Eighteen women had their first court hearing today in Turkey’s Izmir province for participating in an August 2020 demonstration against government plans to withdraw from the Istanbul Convention, the Council of Europe’s (CoE) binding treaty to prevent and combat violence against women.
According to the Duvar news website, the women made a joint statement to the press in front of the courthouse before the hearing. “Like many women in different cities across the nation, we organized a peaceful demonstration for the reinstatement of the convention. However, the police tried to prevent us from demonstrating by beating and then detaining us,” they said.
The women added that they would continue to demonstrate for reinstatement of the convention. “Our position is very clear, we do not want another woman to be killed, raped or beaten. We will never give up on the Istanbul Convention.”
A series of demonstrations against Turkey’s withdrawal from the convention have been staged since 2020. The 18 women in Izmir were detained on August 5, 2020 during one such demonstration. They were charged with violating the law on protests and demonstrations.
Despite public outrage, President Recep Tayyip Erdoğan issued a decree on March 20, 2021 withdrawing Turkey from the convention.
Government officials and conservative prominent figures had been discussing withdrawing from the convention for some time, arguing that the convention destroyed families by introducing “foreign terminology” to traditional Turkish values and the law.

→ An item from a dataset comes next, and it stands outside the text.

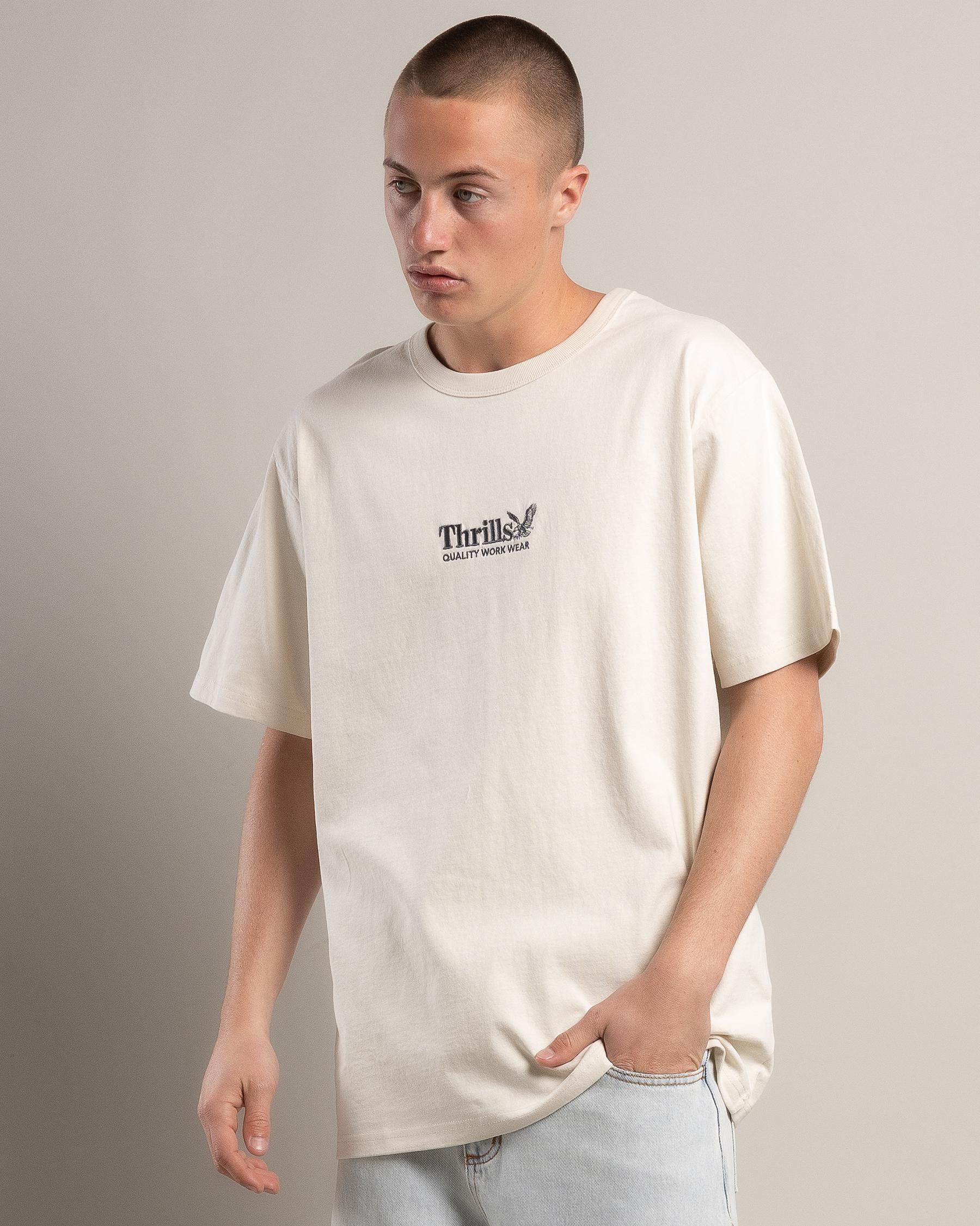 The Thrills Workwear Embroidered T-Shirt in Heritage White is a classic staple for any wardrobe. This versatile top is perfect for casual everyday wear.

“The first of them is gender. The İstanbul Convention is built on the concept of gender. … In the simplest terms, it holds that the identities and the biological sexes of men and women are constructed by the society and envisions a fight against it. It doesn’t accept the distinction between the sexes,” Ebru Asiltürk, a prominent Islamist politician from the right-wing Felicity Party (SP), wrote in May 2020.
Erdoğan has repeatedly said he sees gender equality as contradictory to the nature of men and women.
“Feminists don’t understand motherhood,” he said in a 2014 speech, claiming that Islam accords women high value due to their ability to bear and raise children.
Gender-based violence is a serious problem in Turkey. According to a report published in March 2021 by Sezgin Tanrıkulu, a human rights defender and Republican People’s Party (CHP) lawmaker, nearly 7,000 women were victims of femicide during the 18 years that the AKP had been in power.
World leaders, including US President Joe Biden and European Commission President Ursula von der Leyen, international and regional organizations and rights groups reacted negatively to Turkey’s decision to withdraw from the Istanbul Convention.